He walks in.
The apartment feels emptier than it ever has. The couch where she used to curl into me. The kitchen island where she’d sit swinging her legs while I cooked. Her laugh used to live in these walls.
Now it’s just quiet.
Kamden closes the door behind him.
“You look like shit,” he says.
I huff out a humorless laugh. “Feel worse.”
He studies me carefully.
“You’ve been out,” he notes, glancing at the empty whiskey glass on the counter.
“Doesn’t help,” I mutter.
Silence stretches between us.
Finally he says, “Coach told me you agreed to step back.”
I nod once.
“I thought that’s what you wanted.”
“I thought it was what would protect her.”
There’s no sarcasm in his tone.
Just honesty.
I walk to the kitchen and brace my hands on the counter, staring at the granite like it holds answers.
“I saw her face, Kamden,” I say quietly. “At the bar. When she looked at me like I’d just ripped her heart out.”

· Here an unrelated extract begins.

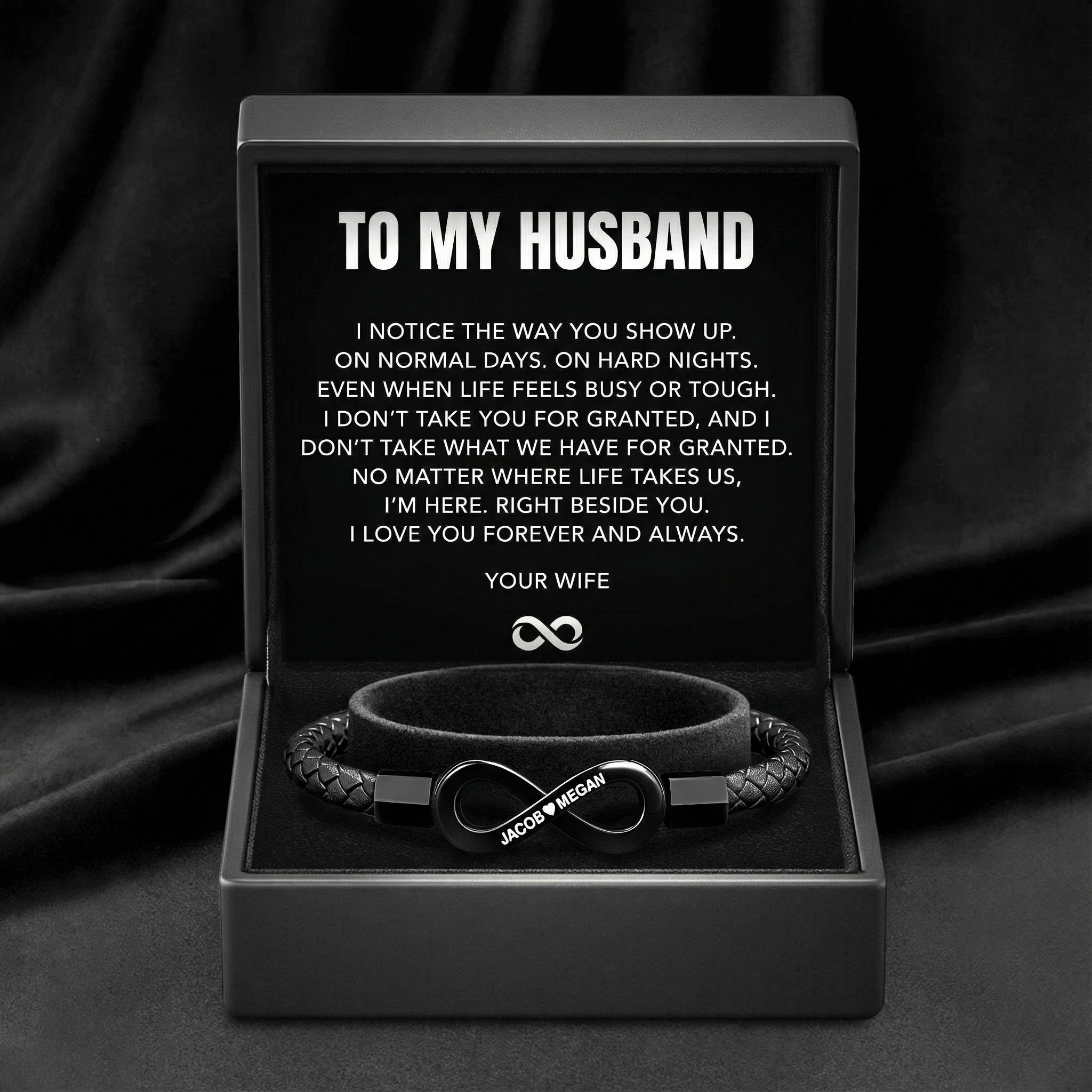 Your names, beautifully engraved on the Infinity Bracelet, are a symbol of your unbreakable bond and the promise of forever.
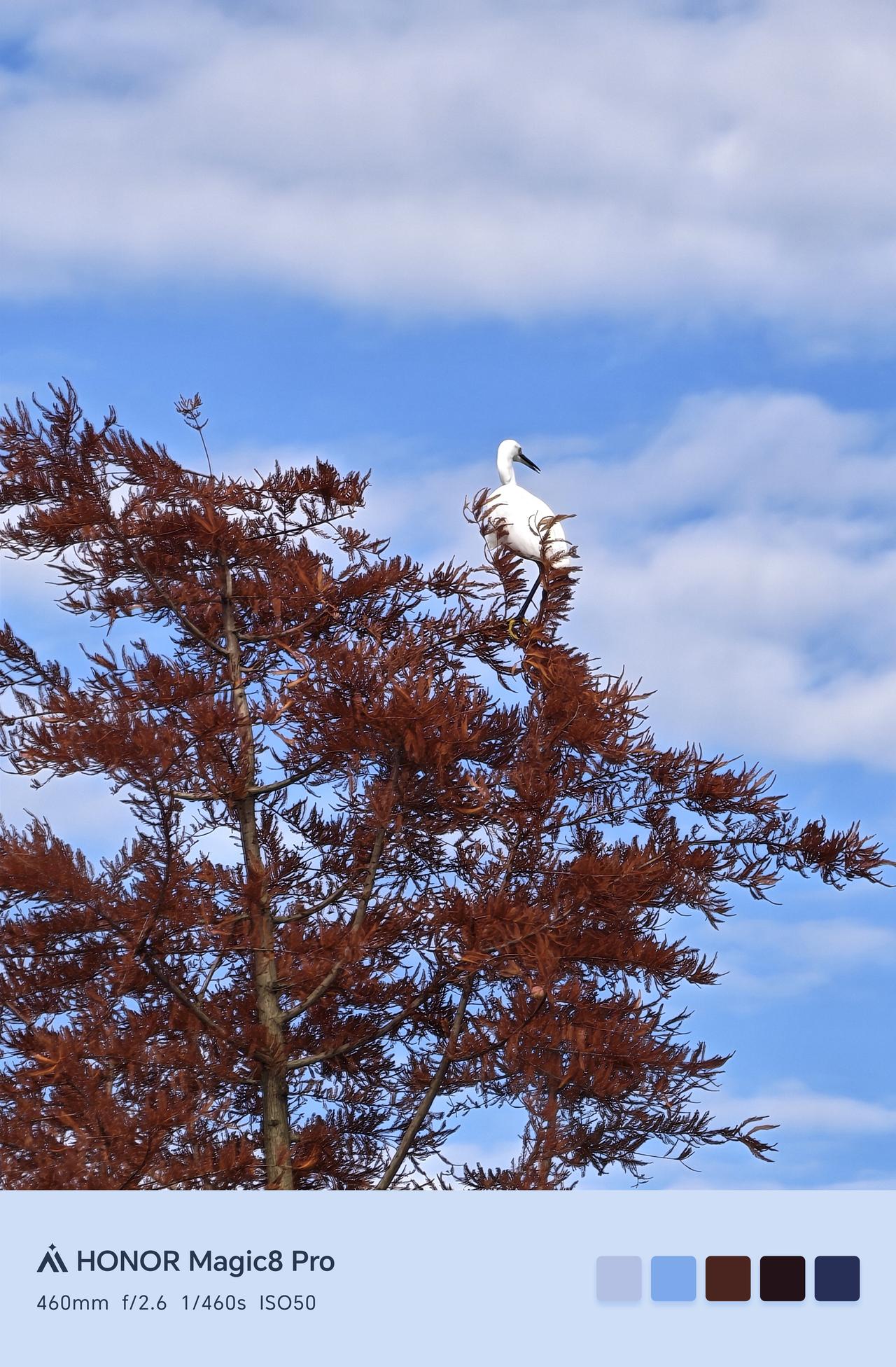今天天气好,公园里有不少拍鸟的,现场有个大爷说,你这手机拍的真好,离的远还能拍的清晰,这些野生的动物,太敏感了,就是不给机会靠近。 瞬间觉得,荣耀Magic8 Pro的长焦太给力了,没想到在外还能被别人夸。

My voice cracks despite myself.
“She didn’t deserve that.”
“No,” he agrees softly.
I swallow hard.
“I’ve never loved anyone like that,” I admit. “Not even close. And I threw it away in one night because I thought I was doing the right thing.”
I turn to look at him.
“You know what the worst part is?” I ask.
He shakes his head.
“She believed in me,” I say. “Even when I don’t believe in myself. She saw me, Wilder, not Wild. Not the pitcher. Not the asshole at the bar. Just me.”
My chest tightens painfully.
“And I let them convince me I was poison to her future.”
Kamden’s expression shifts.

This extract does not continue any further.